Forgive me now for what I am about to ask!!!!! and please feel free to take as much time rolling on the floor laughing before replying to the following......  

Are they real jelly beans in there? or did you make little m&p jelly beans first and then pour over them to make the finished product?
if so where do you get such tiny moulds from?


OK laugh away I am completely new to this stuff havent even made soap yet but have to ask stupid questions all the time.


----------



## Tabitha (Nov 18, 2007)

Sumflower will have to answer that.
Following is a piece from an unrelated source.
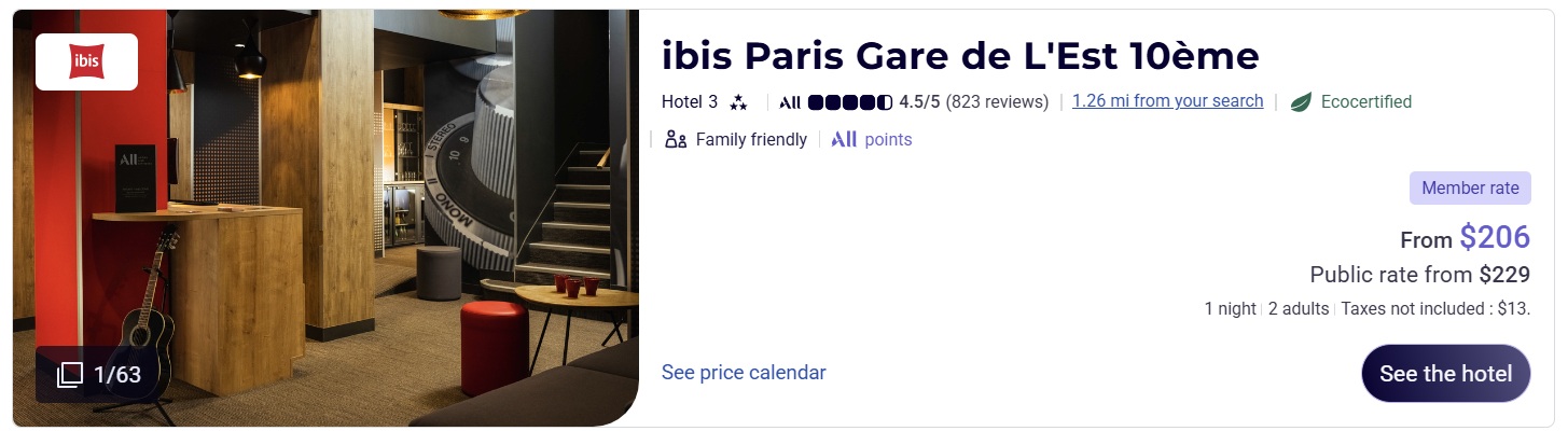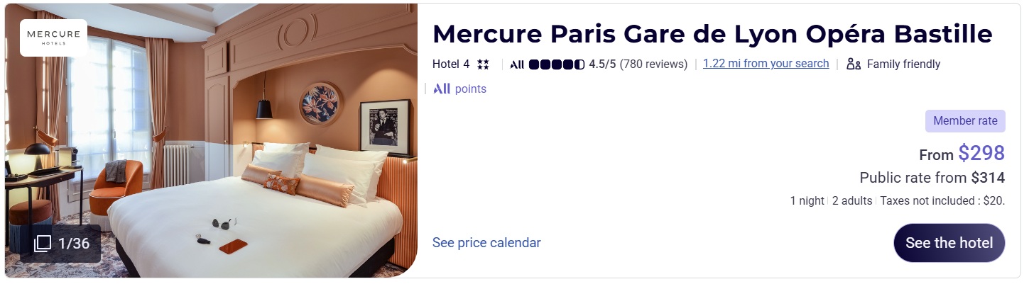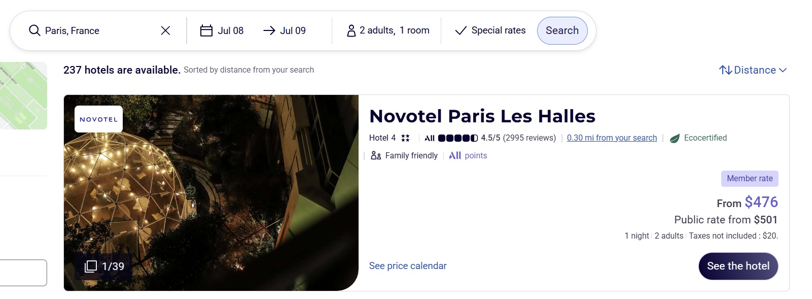 As an example, see the following Paris properties searched for a single room for 2 adults on a random summertime date:

I will tell you though, you can make tiny little soaps in various shapes, mist them real well wity alcohol & drop them down into a larger mold & pour more soap over the to. there are 2 main points to remember.:

1) If the soap you pour over the smaller soaps (embeds) is too hot, the embeds will mely.
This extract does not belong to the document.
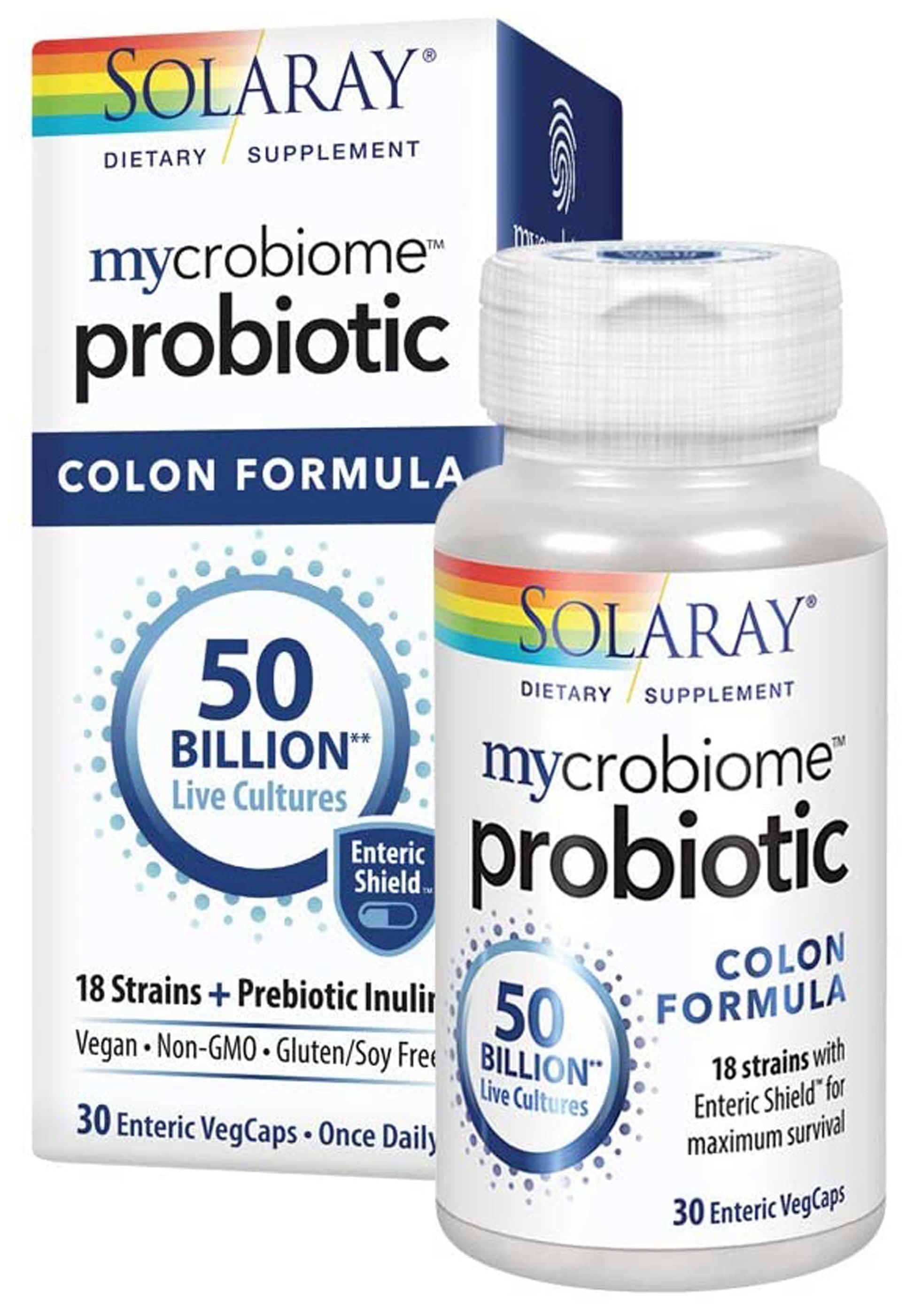 - Solaray Mycrobiome Probiotic Colon Formula is uniquely formulated to support colon health, elimination, digestive and immune function containing 50 billion CFU of 18 probiotic strains, plus prebiotic inulin.

2) If you do not use alcohol or if tye alcohol dries or evaporated before you pour over, the embeds will not attach to the new soap. They will pop out. 

The same goes for pouring layers. If you pour a red layer & then a blue layer w/o the alcohol, the 2 layers will pop apart.


----------



## Mandy (Nov 19, 2007)

OOh yummy!!


----------



## Guest (Nov 19, 2007)

Cheers Tabitha 

For a moment I was thinking i'd have to eat through all that soap to cure a sweet craving lol


----------



## sunflwrgrl7 (Nov 20, 2007)

Hee hee, that made me chuckle just a little bit, maccidees.  Only because people at the craft fair this past weekend asked the same exact thing.   Nope, they are soap jelly beans.  I use a slightly harder/higher melt point soap to make the beans.  I got the jelly bean mold on ebay.  Let me tell ya, pouring soap into tiny little jelly bean shaped cavities is a bit time consuming, but I love the outcome.


----------



## pink-north (Nov 26, 2007)

Those soaps are so cute! I would put them in kids gift basket. Great job!!


----------



## FitMommyOf2 (Nov 27, 2007)

What a cute idea!!! They look adorable! My kids would sure love them!  

Hmm.. I think next time I have some $, I'll have to get some clear M&P and play around with embeds again.  :wink:


----------



## jamacro (Dec 6, 2007)

*Pretty*

They look great By the way how did you overcome the saran wrap issue?  :shock:


----------



## Zenobiah (Dec 9, 2007)

That is truly adorable! Suddenly I crave Jelly beans...


----------



## punkflash54 (Dec 16, 2007)

very cute soap!


----------